→ Activity
In the records below, find the line with "Easter Bunny 3", then retype it and every following line exactly, stopping after the line with "Bon début de". Leave the pictures out.

→ Material provided
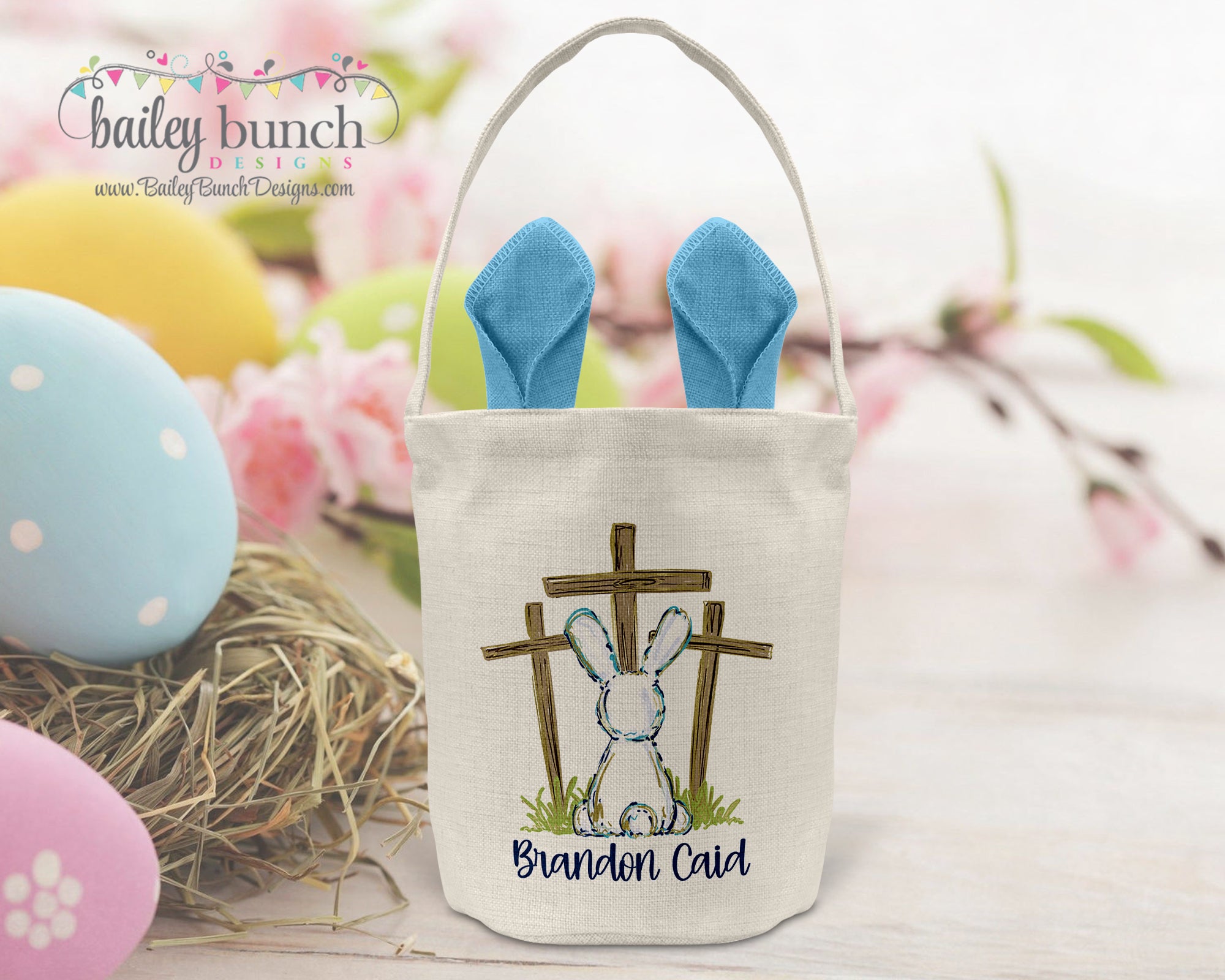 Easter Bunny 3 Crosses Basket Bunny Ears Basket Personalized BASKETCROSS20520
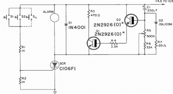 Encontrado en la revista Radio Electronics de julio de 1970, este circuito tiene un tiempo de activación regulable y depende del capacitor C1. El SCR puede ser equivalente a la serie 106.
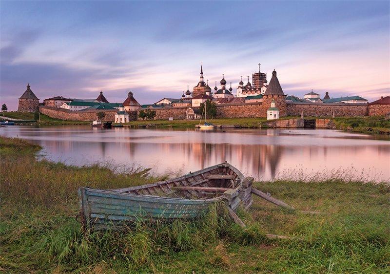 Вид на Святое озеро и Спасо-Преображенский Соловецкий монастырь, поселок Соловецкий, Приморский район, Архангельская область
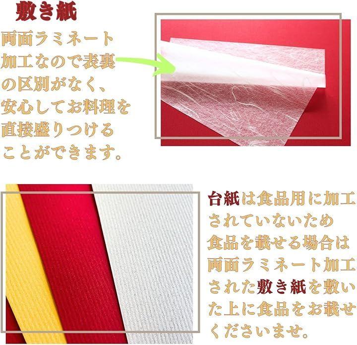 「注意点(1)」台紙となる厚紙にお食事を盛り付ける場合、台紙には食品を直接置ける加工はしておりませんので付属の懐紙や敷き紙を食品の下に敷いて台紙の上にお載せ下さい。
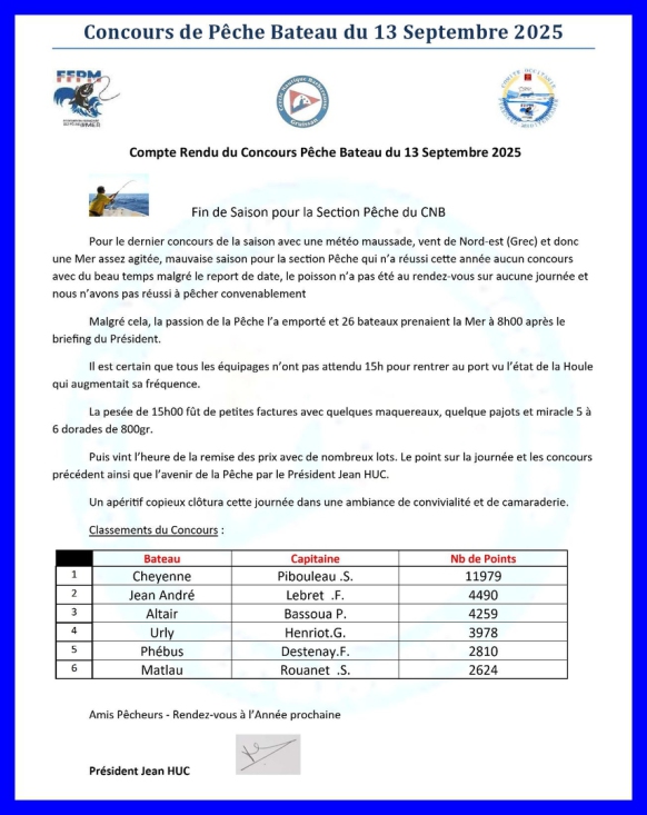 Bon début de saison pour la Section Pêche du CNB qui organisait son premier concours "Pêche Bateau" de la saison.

---

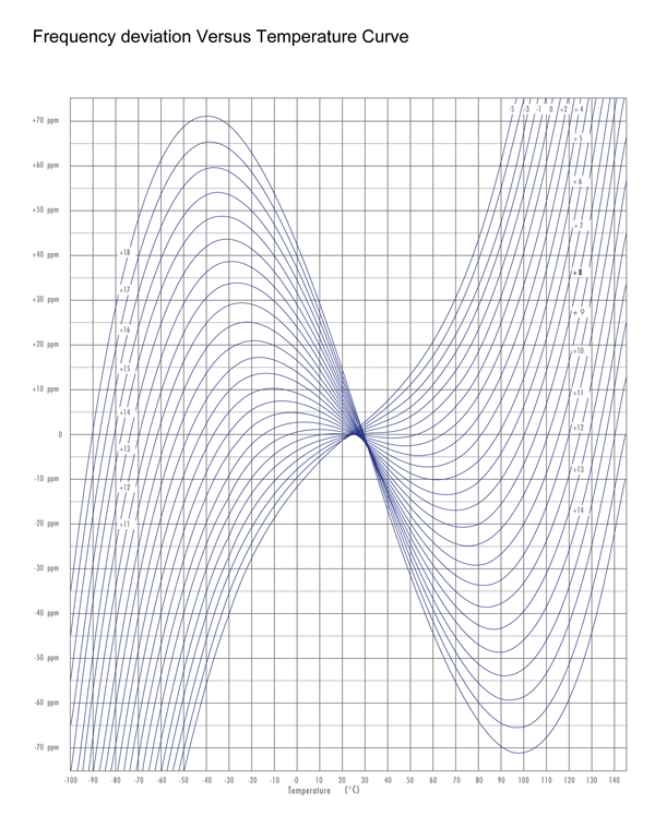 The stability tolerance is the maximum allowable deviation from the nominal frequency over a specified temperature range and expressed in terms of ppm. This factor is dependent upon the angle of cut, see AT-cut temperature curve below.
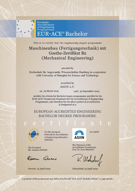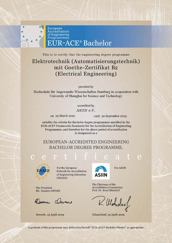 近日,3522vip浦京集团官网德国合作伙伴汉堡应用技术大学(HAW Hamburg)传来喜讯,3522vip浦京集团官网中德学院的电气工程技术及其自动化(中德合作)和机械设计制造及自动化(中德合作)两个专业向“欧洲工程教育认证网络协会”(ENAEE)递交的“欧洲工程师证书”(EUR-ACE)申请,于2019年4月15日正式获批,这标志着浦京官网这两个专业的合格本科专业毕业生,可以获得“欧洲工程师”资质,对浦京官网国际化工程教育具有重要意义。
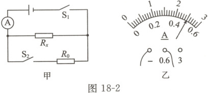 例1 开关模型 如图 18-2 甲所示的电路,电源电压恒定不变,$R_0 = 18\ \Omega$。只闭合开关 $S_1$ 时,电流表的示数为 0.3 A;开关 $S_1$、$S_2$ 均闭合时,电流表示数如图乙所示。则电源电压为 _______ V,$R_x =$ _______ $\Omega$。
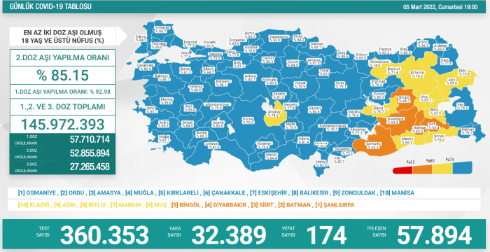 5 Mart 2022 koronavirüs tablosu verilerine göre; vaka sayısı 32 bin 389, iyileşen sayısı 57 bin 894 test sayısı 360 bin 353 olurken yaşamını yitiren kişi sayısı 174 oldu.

---

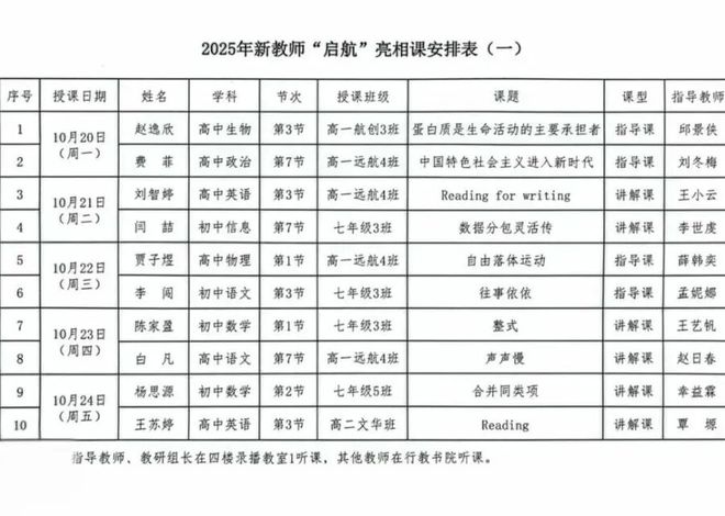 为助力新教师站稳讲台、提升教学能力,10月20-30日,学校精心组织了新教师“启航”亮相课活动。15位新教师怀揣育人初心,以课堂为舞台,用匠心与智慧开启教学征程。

→ The completed task
 Easter Bunny 3 Crosses Basket Bunny Ears Basket Personalized BASKETCROSS20520
 Encontrado en la revista Radio Electronics de julio de 1970, este circuito tiene un tiempo de activación regulable y depende del capacitor C1. El SCR puede ser equivalente a la serie 106.
 Вид на Святое озеро и Спасо-Преображенский Соловецкий монастырь, поселок Соловецкий, Приморский район, Архангельская область
 「注意点(1)」台紙となる厚紙にお食事を盛り付ける場合、台紙には食品を直接置ける加工はしておりませんので付属の懐紙や敷き紙を食品の下に敷いて台紙の上にお載せ下さい。
 Bon début de saison pour la Section Pêche du CNB qui organisait son premier concours "Pêche Bateau" de la saison.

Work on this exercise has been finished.